• **Problem details**
Within the entries below, the lines from the one with "I know I was" through the one with "For example, you" are to be set down exactly, both ends kept.

• **Supplied data**
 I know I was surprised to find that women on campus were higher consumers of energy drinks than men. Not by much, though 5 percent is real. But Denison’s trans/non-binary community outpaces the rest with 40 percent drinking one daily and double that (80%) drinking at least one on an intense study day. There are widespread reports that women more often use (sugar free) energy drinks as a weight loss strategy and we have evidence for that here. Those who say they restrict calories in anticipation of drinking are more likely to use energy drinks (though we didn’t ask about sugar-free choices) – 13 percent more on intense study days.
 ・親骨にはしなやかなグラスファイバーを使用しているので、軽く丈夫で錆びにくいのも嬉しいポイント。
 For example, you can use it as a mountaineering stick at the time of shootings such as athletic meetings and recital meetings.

...

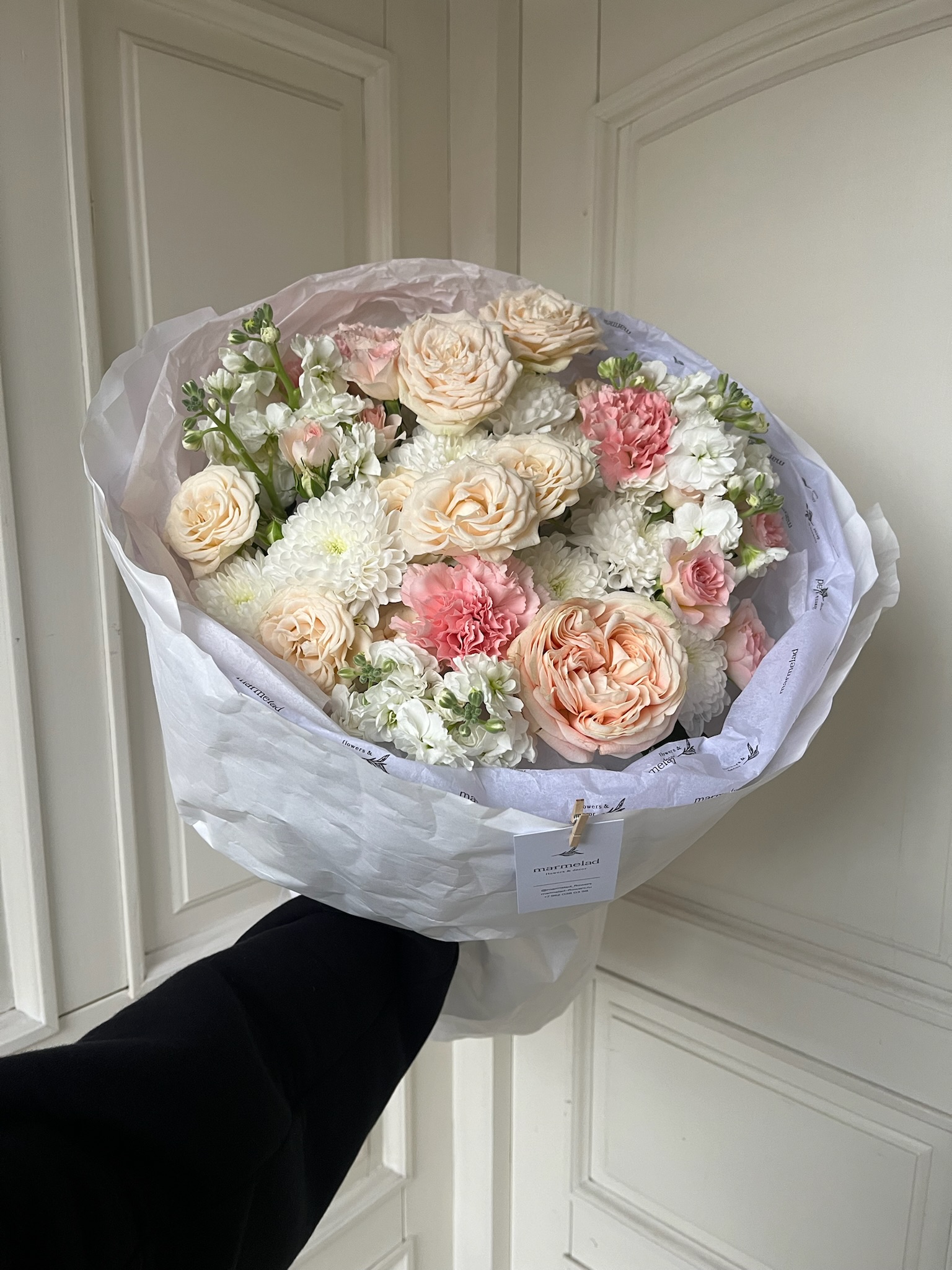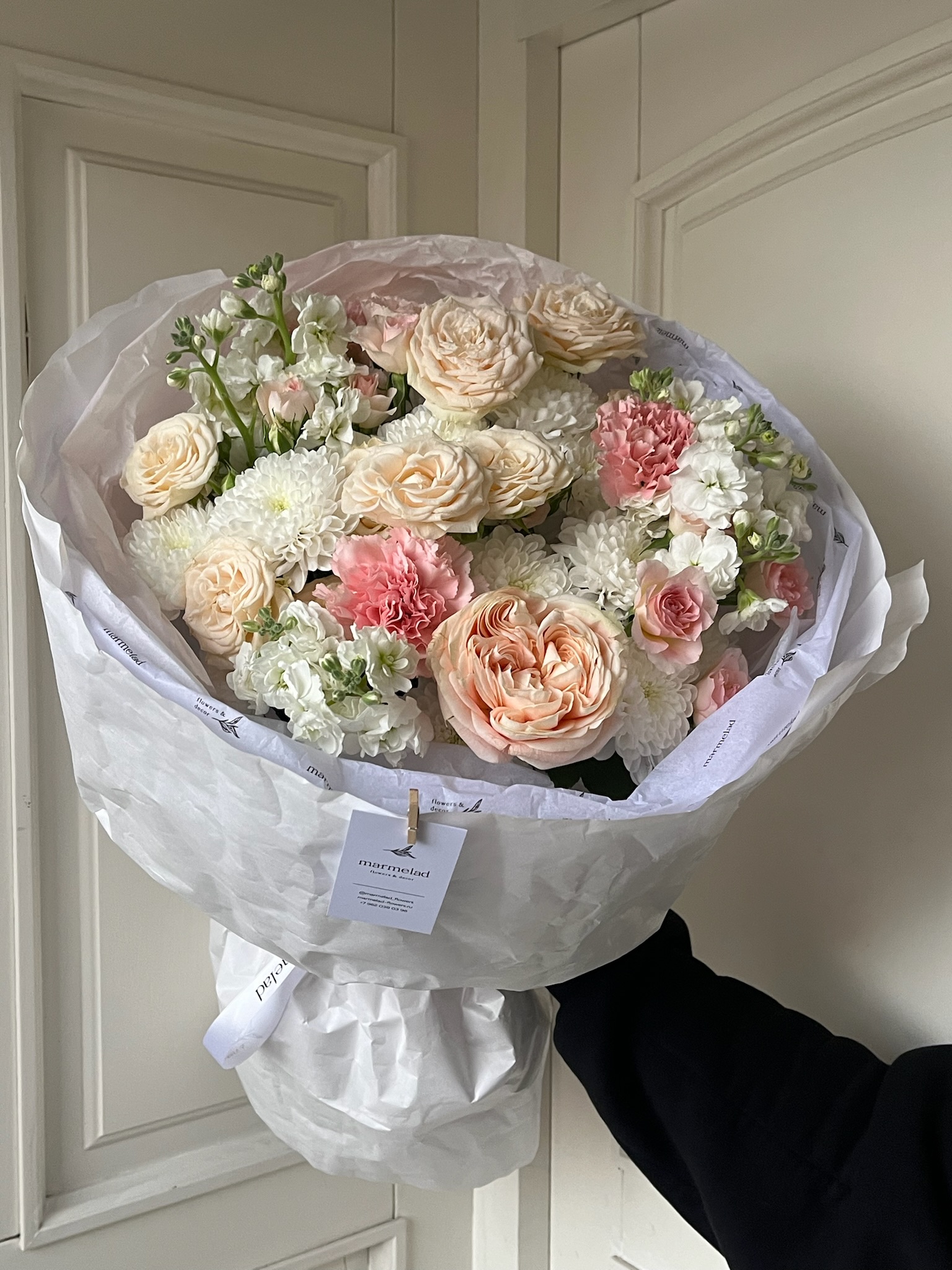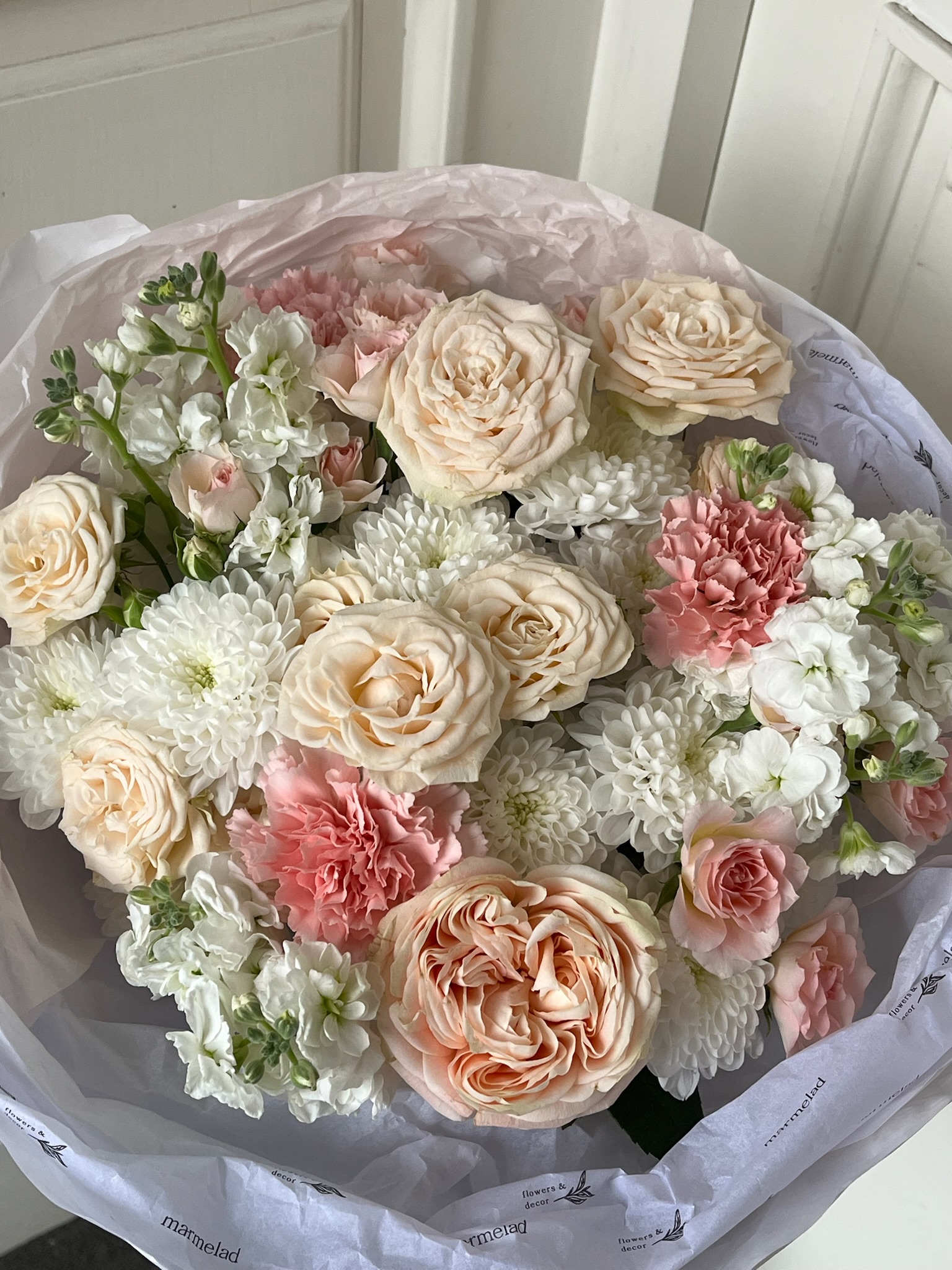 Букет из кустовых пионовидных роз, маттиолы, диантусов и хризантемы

• **Answer to this problem**
 I know I was surprised to find that women on campus were higher consumers of energy drinks than men. Not by much, though 5 percent is real. But Denison’s trans/non-binary community outpaces the rest with 40 percent drinking one daily and double that (80%) drinking at least one on an intense study day. There are widespread reports that women more often use (sugar free) energy drinks as a weight loss strategy and we have evidence for that here. Those who say they restrict calories in anticipation of drinking are more likely to use energy drinks (though we didn’t ask about sugar-free choices) – 13 percent more on intense study days.
 ・親骨にはしなやかなグラスファイバーを使用しているので、軽く丈夫で錆びにくいのも嬉しいポイント。
 For example, you can use it as a mountaineering stick at the time of shootings such as athletic meetings and recital meetings.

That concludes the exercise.